Studio album by Sérgio Mendes
- Released: July 1967
- Recorded: February 1967
- Studio: Western (Hollywood, California); Sunset Sound (Hollywood, California); Annex (Hollywood, California);
- Genre: Bossa nova
- Length: 30:28
- Label: A&M
- Producer: Herb Alpert, Jerry Moss

Sérgio Mendes chronology
| Equinox (1967) | Look Around (1967) | Fool on the Hill (1968) |

= Look Around (Sérgio Mendes album) =

Look Around is the third studio album by Sérgio Mendes and Brasil '66. It was released in 1967. Following this album, Mendes dismissed the musicians and singer Janis Hansen and brought in Karen Phillip to sing with holdover Lani Hall.

Professional ratings
Review scores
| Source | Rating |
| AllMusic | Star Half star |

==Songs==
Mendes and Brasil '66 performed the Oscar-nominated Burt Bacharach/Hal David song "The Look of Love", one of their biggest hits, on the Academy Awards telecast in March 1968. The album was recorded at the Sunset Sound, Western Recorders, and Annex Studios, Hollywood. Brasil '66's version of "The Look of Love" quickly shot into the top 10, eclipsing Dusty Springfield's version.

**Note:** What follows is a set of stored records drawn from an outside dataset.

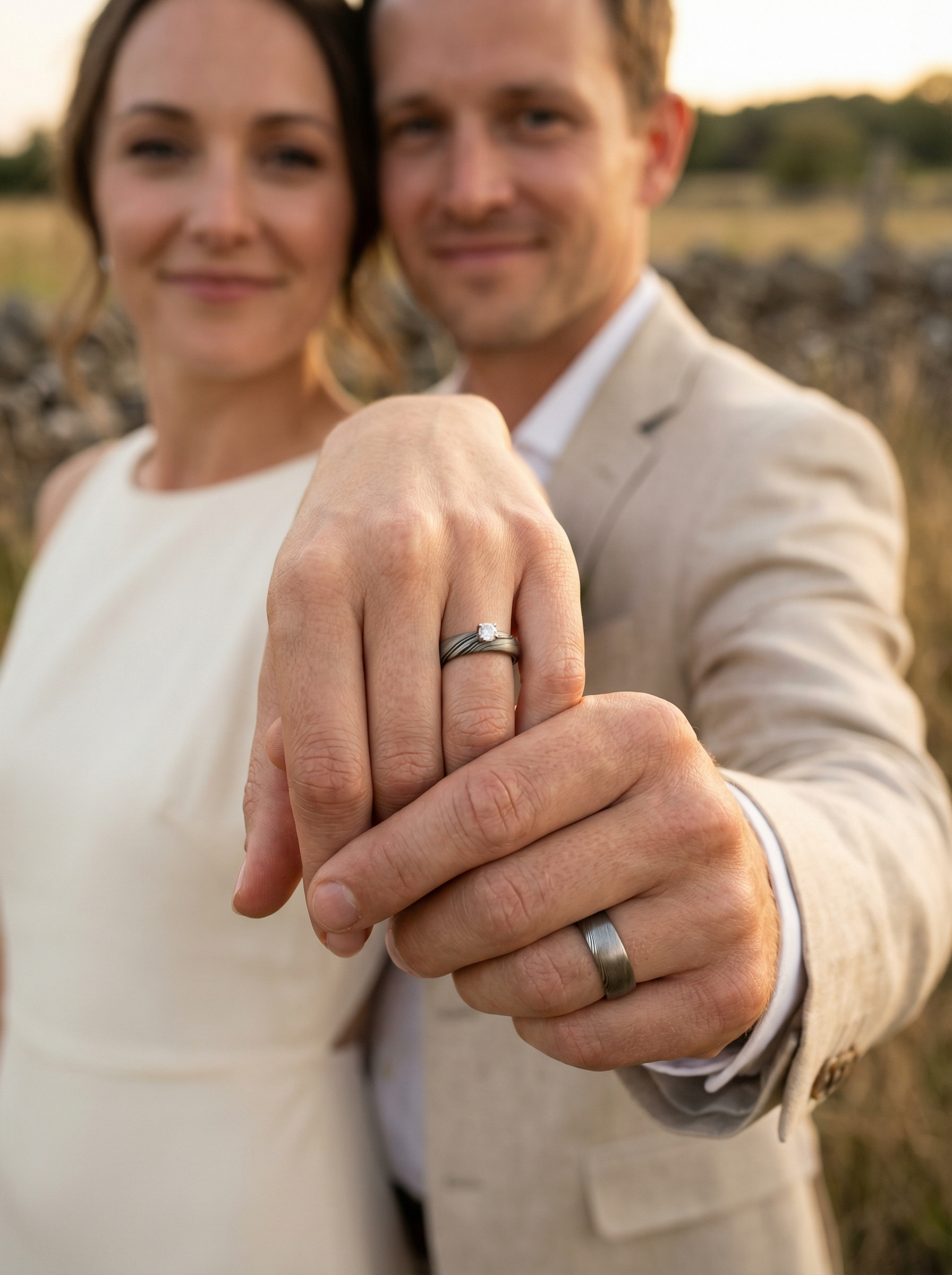 Damascus steel rings are popular among men searching for alternative wedding bands. They offer texture, character, and a handcrafted appearance that stands out from plain metal bands.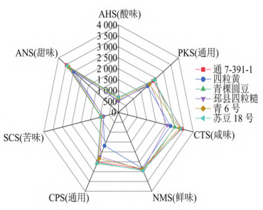 2.2電子舌味覺屬性分析菜用大豆酸味、苦味、甜味、鮮味及咸味5種味覺屬性值見圖2。在5個(gè)味覺屬性中,菜用大豆鮮甜咸味較為突出。從鮮味值來(lái)看,蘇豆18號(hào)的鮮味的響應(yīng)值為2947.47,高于其他5個(gè)品種的響應(yīng)值。在甜味的響應(yīng)值上,響應(yīng)值范圍在2975.50~3472.11,各樣品甜味響應(yīng)值從大到小依次為通7-391-1為3472.11、蘇豆18號(hào)為3427.22、邳縣四粒糙為3352.83、青6號(hào)為3344.78、青棵圓豆為3297.19、四粒黃為2975.50,與感官評(píng)價(jià)各樣品鮮甜味數(shù)值大小排序一致。從味覺響應(yīng)值數(shù)據(jù)中我們還可以看出,電子舌分析的結(jié)果和感官評(píng)價(jià)評(píng)分的結(jié)果具有一定相關(guān)性。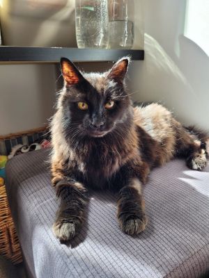 Adult cats as young as 8 or 9 are often passed by for adoption. All kinds of cat breeds come into our care. They have semi-long soft hair.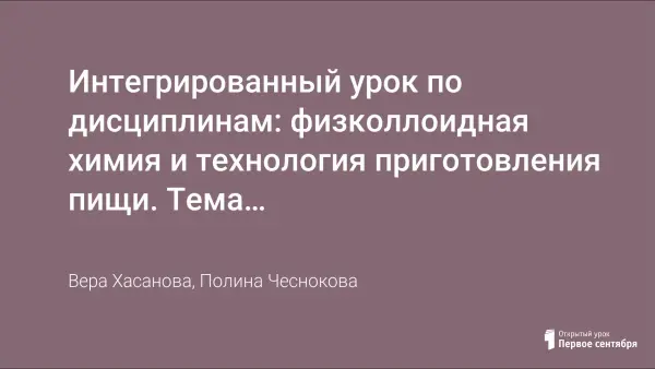 Интегрированный урок по дисциплинам: физколлоидная химия и технология приготовления пищи. Тема урока: "Физико-химические изменения углеводов продуктов питания в процессе технологической обработки"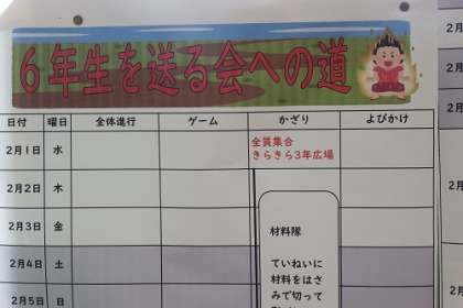 3月に行う6年生を送る会の準備がスタートしています。各学年で出し物を考え、お世話になった6年生にありがとうの思いを伝えていく予定です。きっと思いのこもった温かい会になるはずです。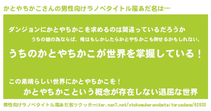 | 意味不明あだ名 | 『とにかく怪しいかとやちかこ』 |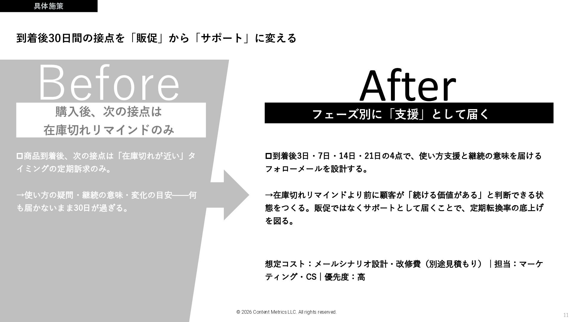 Content Metrics LLC. All rights reserved. フェーズ別に「支援」として届く 到着後3日・7日・14日・21日の4点で、使い方支援と継続の意味を届ける フォローメールを設計する。 →在庫切れリマインドより前に顧客が「続ける価値がある」と判断できる状 態をつくる。販促ではなくサポートとして届くことで、定期転換率の底上げ を図る。 購入後、次の接点は 在庫切れリマインドのみ 到着後30日間の接点を「販促」から「サポート」に変える 想定コスト:メールシナリオ設計・改修費(別途見積もり) | 担当:マーケ ティング・CS | 優先度:高
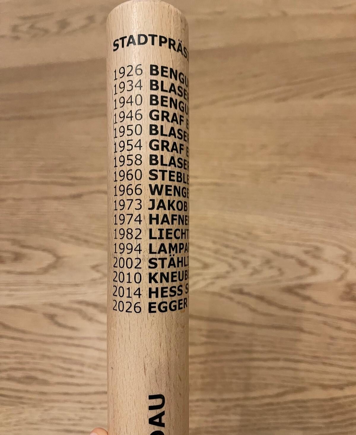 Am 20. November 2025 habe ich den speziell angefertigten Stab übergeben. Er listet die Stadtpräsidenten der letzten 100 Jahre auf.

"Like a Lover", an English-language version of "O Cantador", was covered by Carmen McRae, Sarah Vaughan, Helen Merrill, Dianne Reeves, Al Jarreau, Natalie Cole, Jane Monheit, and Kimiko Itoh. "So Many Stars" was recorded by Helen Merrill, Tony Bennett, Sarah Vaughan, Jane Monheit, Barbra Streisand, Natalie Cole, and Stacey Kent

"Tristeza" was an instrumental by Lobo and Nitinho and the title track of Baden Powell's Tristeza on Guitar album (1966). It was sung by Astrud Gilberto with lyrics by A. Testa on her Italian language album (1968).

==Reissue==
A remastered version of the album was released on CD in 2000.

==Track listing==
1. "With a Little Help from My Friends" (John Lennon, Paul McCartney)
2. "Roda" (Gilberto Gil, João Augusto)
3. "Like a Lover" (Dorival Caymmi, Nelson Motta, Alan Bergman, Marilyn Bergman)
4. "The Frog (A Rã)" (João Donato)
5. "Tristeza (Goodbye Sadness)" (Harold Lobo-Niltinho)
6. "The Look of Love" (Burt Bacharach, Hal David)
7. "Pra Dizer Adeus (To Say Goodbye)" (Edu Lobo, Torquato Neto, Lani Hall)
8. "Batucada (The Beat)" (Marcos Valle, Paulo Sérgio Valle)
9. "So Many Stars" (Mendes, Bergman, Bergman)
10. "Look Around" (Mendes, Bergman, Bergman)

==Personnel==
- Sérgio Mendes – organ, piano, arranger
- John Pisano – guitar
- Bob Matthews – bass, vocals
- João Palma – drums
- José Soares – percussion, vocals
- Lani Hall – vocals
- Janis Hansen – vocals
- Dave Grusin – arranger, orchestration
- Dick Hazard – arranger, orchestration

== Charts ==

| Chart (1967) | Peak position |
|---|---|
| US Billboard 200 | 5 |
| US Top Jazz Albums (Billboard) | 2 |
| US Top R&B/Hip-Hop Albums (Billboard) | 16 |

==Certifications==

| Region | Certification | Certified units/sales |
| United States (RIAA) | Gold | 500,000^{^} |
^{^} Shipments figures based on certification alone.